Since the solution to the homogeneous is: $y_h=c_1{e}^{3t}+c_2{e}^{-t}$, the general solution is: $y_g=c_1{e}^{3t}+c_2{e}^{-t}-e^{2t}$

Remember that you must solve for the general solution before implementing the initial value.

Also, if the right side matches the form of any term of the homogeneous solution, then try $At$ as the undetermined coefficient, instead of just $A$

Variation of Parameters (for second order)

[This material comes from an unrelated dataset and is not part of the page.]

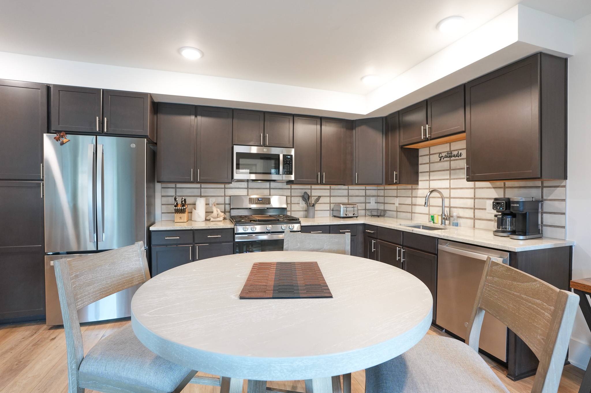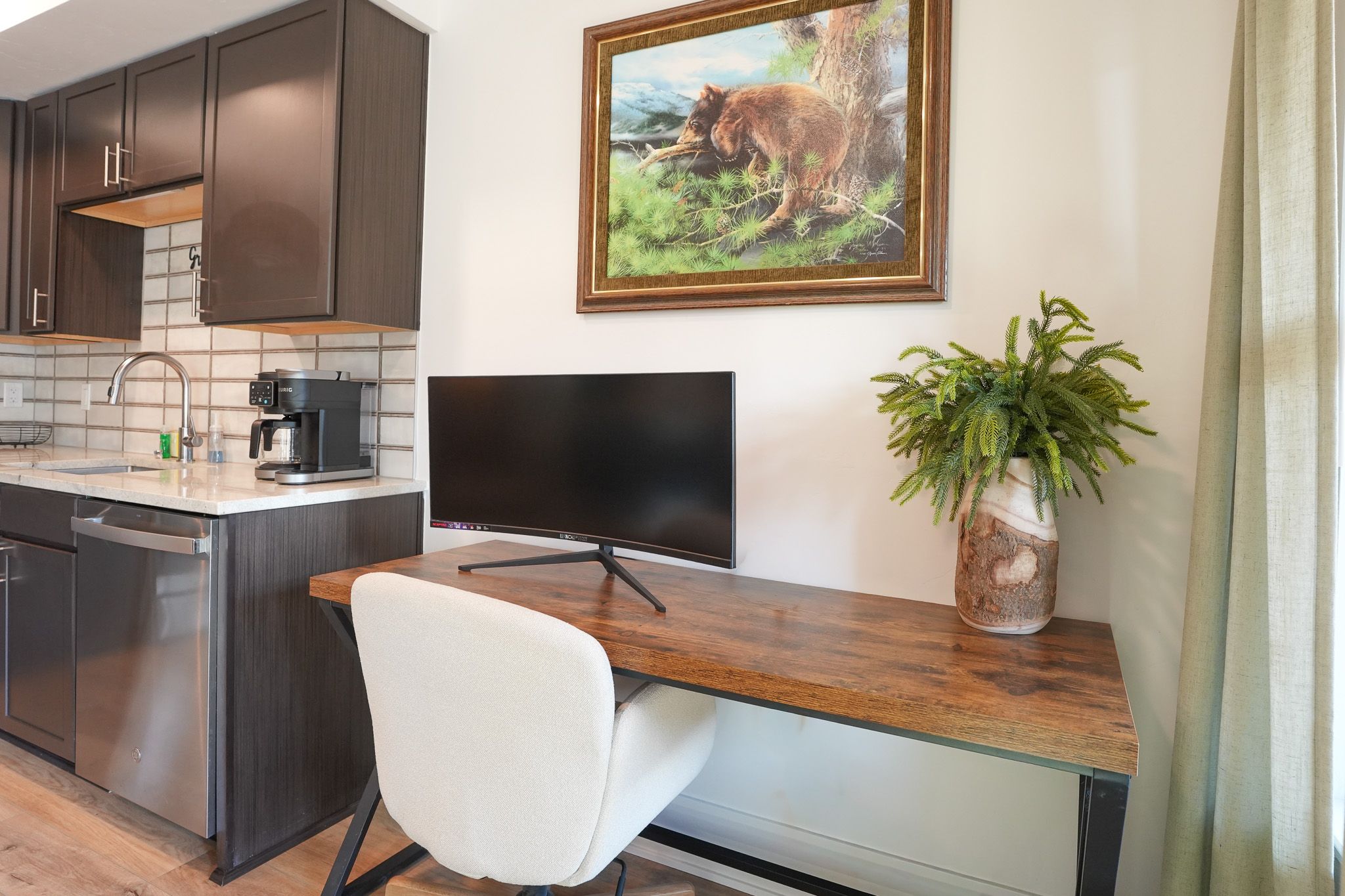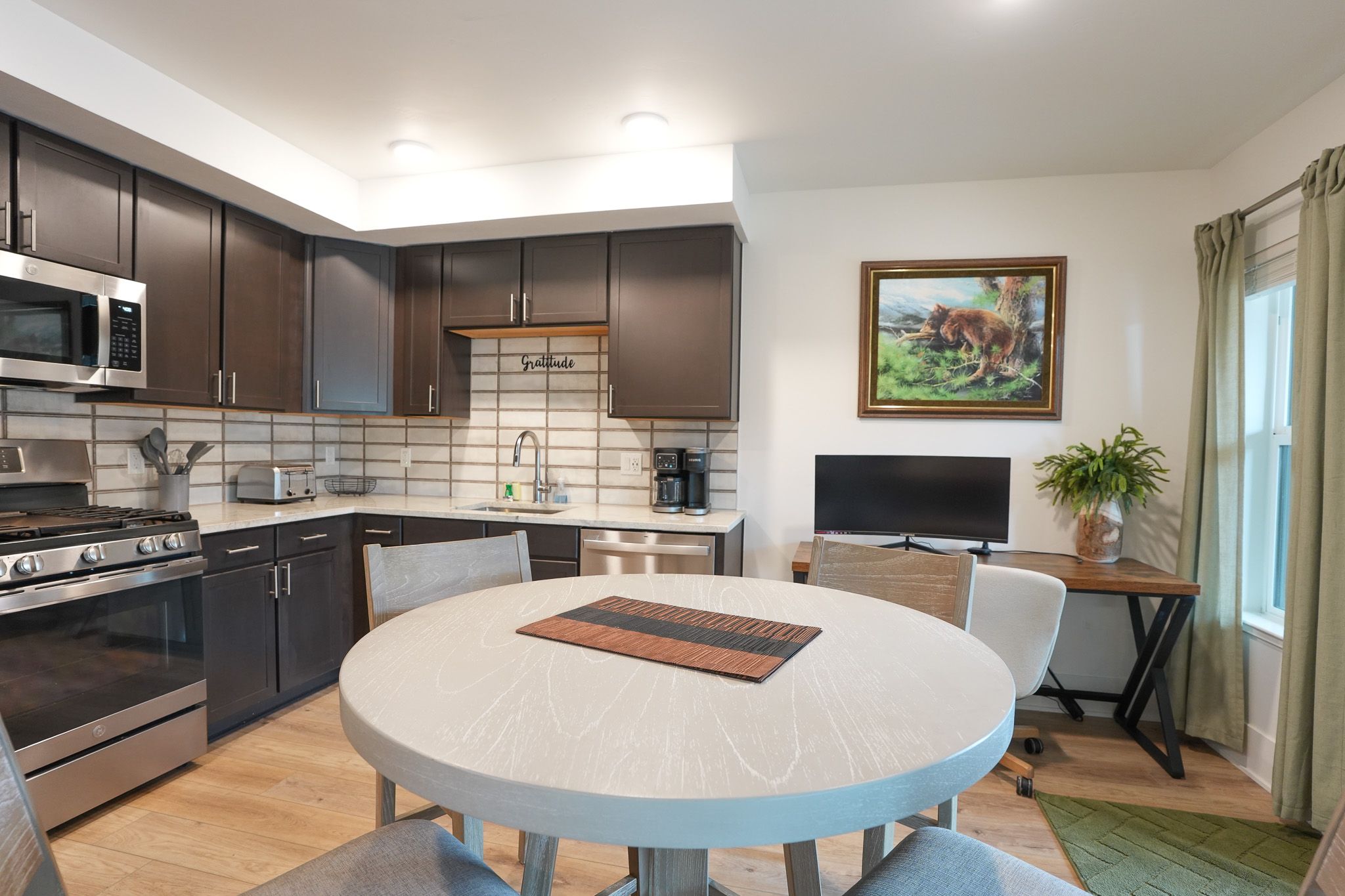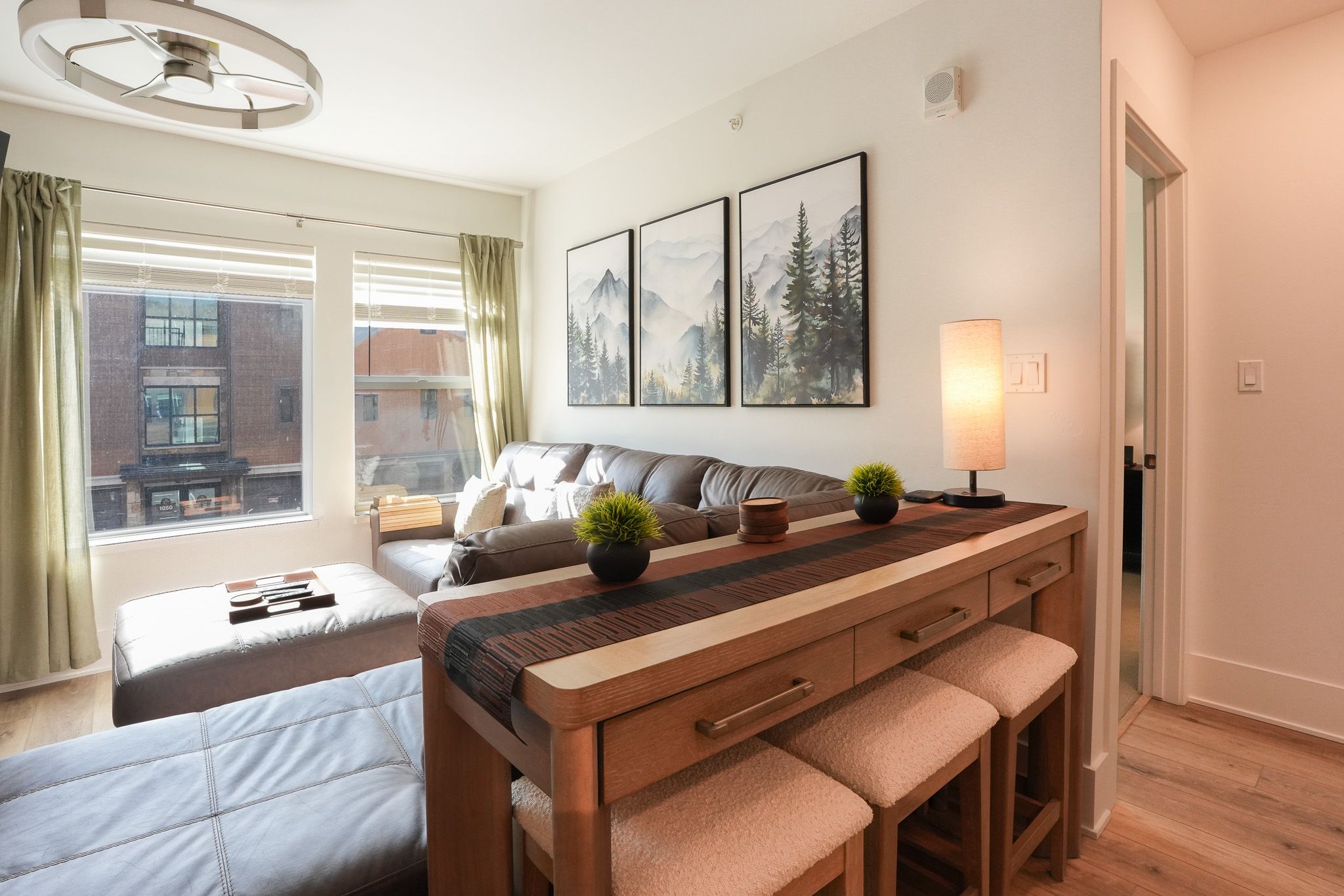 Inside, the condo has been nicely renovated with updated finishes and a functional, open layout. The kitchen features stainless steel appliances, ample prep space, and everything needed for meals at home. A dining table seats four comfortably, with an additional high-top bar area for three more seats. The living area is designed for relaxing after a day outside, with a large sectional and smart TV, while a dedicated workspace with monitor just off the kitchen makes it easy to stay connected when needed.

Used when the coefficients of $y$, $y^{\prime }$ etc are not constants.

1. Solve the homogeneous
2. Guess that $y_g=u_1{y}_1+u_2{y}_2$
3. Use the formulas: Where $g$ is a function of x (the right side of the equation), when the coefficient of $y^{\prime \prime }$ is 1 $u_1=\int \frac{y_{2}g}{y_1{y}_2^{\prime }-y_2{y}_1^{\prime }}$ $u_2=\int \frac{y_{1}g}{y_1{y}_2^{\prime }-y_2{y}_1^{\prime }}$

The Wronskian

A way to figure if functions are linearly independent Form a square matrix and take it’s determinate: $\det \left[\begin{array}{ccc}{y}_1& y_2& y_3\\ y_1^{\prime }& y_2^{\prime }& y_3^{\prime }\\ y_1^{\prime \prime }& y_2^{\prime \prime }& y_3^{\prime \prime }\end{array}\right]$ If it’s determinate is non-zero in at least one place, then they are linearly independent.